Diretor da COTEC diz que investimento no 4.0 vai permitir às empresas nacionais serem mais flexíveis para poderem responder rapidamente às necessidades de cada cliente.

Com a indústria 4.0 em debate, especialistas do setor afirmam que quem não investe em novas tecnologias está menos preparado para enfrentar o futuro. No cluster dos moldes, "quem não investir pelo menos 10% a 12% da faturação em investigação e desenvolvimento corre o risco de sair do mercado em três anos".

A indústria de moldes nacional tem já cerca de 42 milhões de euros em projetos de investigação e desenvolvimento, montante que envolve cerca de cem empresas deste cluster, instalado maioritariamente na Marinha Grande, e cerca de 50 unidades científicas e centros de investigação. A revelação foi feita por Rui Tocha, diretor-geral do Centimfe - Centro Tecnológico da Indústria de Moldes, Ferramentas Especiais e Plásticos, que participou em mais um debate do Prémio Inovação NOS, em parceria com a TSF e a Dinheiro Vivo, realizado na Marinha Grande, nas instalações da incubadora de negócios OPEN. 

Este debate, em que participaram ainda Paulo Gaspar, responsável pelas tecnologias de informação do grupo Lusiaves, e Jorge Portugal, diretor da COTEC, foi dedicado ao tema Indústria e o Novo Paradigma 4.0, e no qual foram analisadas as várias questões que envolvem a nova revolução industrial.

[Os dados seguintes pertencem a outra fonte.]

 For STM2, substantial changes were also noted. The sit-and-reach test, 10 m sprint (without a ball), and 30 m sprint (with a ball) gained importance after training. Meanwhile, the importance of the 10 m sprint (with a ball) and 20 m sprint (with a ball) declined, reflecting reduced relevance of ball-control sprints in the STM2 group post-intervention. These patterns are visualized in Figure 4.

Rui Tocha prefere não falar na palavra revolução, pois para este especialista "a indústria 4.0 não é o papão de que se fala, mas sim um desenvolvimento normal ao serviço da economia". Salienta que esta transição do 3.0 para o 4.0 deve ser feita numa lógica de integração das cadeias de valor, e que muitas empresas já se adaptaram, mas outras ainda não. Contudo, na indústria de moldes esta adaptação tem sido feita desde cedo, pois "empresa que não invista 10% a 12% do seu volume de negócios em I&D pode ficar fora do mercado em três anos", revela Rui Tocha. Afirma ainda que o facto de as indústrias de moldes e topping investirem em tanta inovação causa alguma estranheza a outras indústrias concorrentes no estrangeiro, "pois Portugal ainda é visto como um low-cost country. E este investimento do cluster ajuda a melhorar a imagem das empresas portuguesas no mercado internacional", explica.

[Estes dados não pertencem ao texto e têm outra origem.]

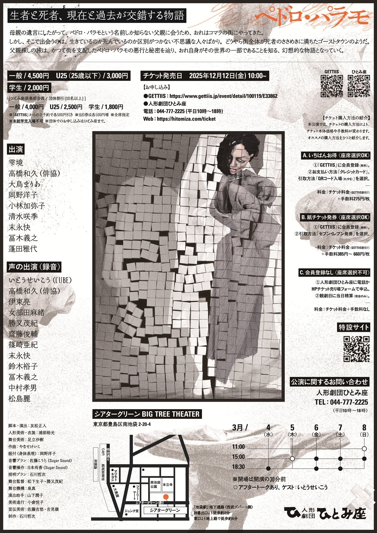 人形劇団ひとみ座 人形劇「ペドロ・パラモ」が2026年3月4日 (水) 〜 3月8日 (日)にシアターグリーン BIG TREE THEATER(東京都豊島区南池袋2-20-4)にて上演されます。

Por seu lado, Jorge Portugal defende que a indústria 4.0 vai permitir às empresas nacionais serem ainda mais flexíveis e estarem mais alinhadas com as necessidades dos clientes. "O modelo de competitividade industrial português assenta nas pequenas séries, em estar alinhado com as especificidades do cliente e poder responder rapidamente. Esta revolução vem otimizar esta capacidade, mas, acima de tudo, dar novas oportunidades para inovar mais depressa, com menos risco." As plataformas de dados vêm ajudar agora a ganhar velocidade, sobretudo na entrega dos produtos na casa dos clientes, "não em autoestradas mas em estradas de montanha", refere este responsável.

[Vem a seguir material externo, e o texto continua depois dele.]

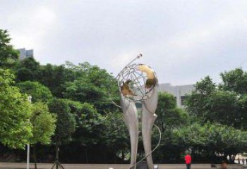 • 地球儀標志不銹鋼標志雕塑傳達和諧與愛的美好信息

Tecnologias trazem eficiência

Paulo Gaspar explicou, a propósito do tema, como a Lusiaves, empresa de comércio agroalimentar, e produtora de aves para alimentação se tem preparado para a revolução industrial: a empresa tem implementado novas tecnologias em várias etapas da produção. "Na área da produção de rações, por exemplo, já é tudo automatizado, tal como no abate. Tem sido sempre uma estratégia nossa apostar na automatização e isso agora é cada vez mais prioritário." O responsável do grupo de Leiria acredita que a aposta na eficiência vai ajudar a reduzir os custos. "A digitalização permite estandardizar todos os processos, e isto é muito importante num grupo com mais de 30 empresas", explica.

Jorge Portugal refere ainda que a nova revolução industrial chega transversalmente a todos os setores, mesmo aos chamados tradicionais. Já se assiste a pequenas revoluções setoriais, como no das pedras ornamentais, em que há já uma integração e colaboração entre os vários intervenientes: por exemplo, entre a empresa que explora, o arquiteto e o aplicador que já definem em três dimensões o que desejam para o trabalho final.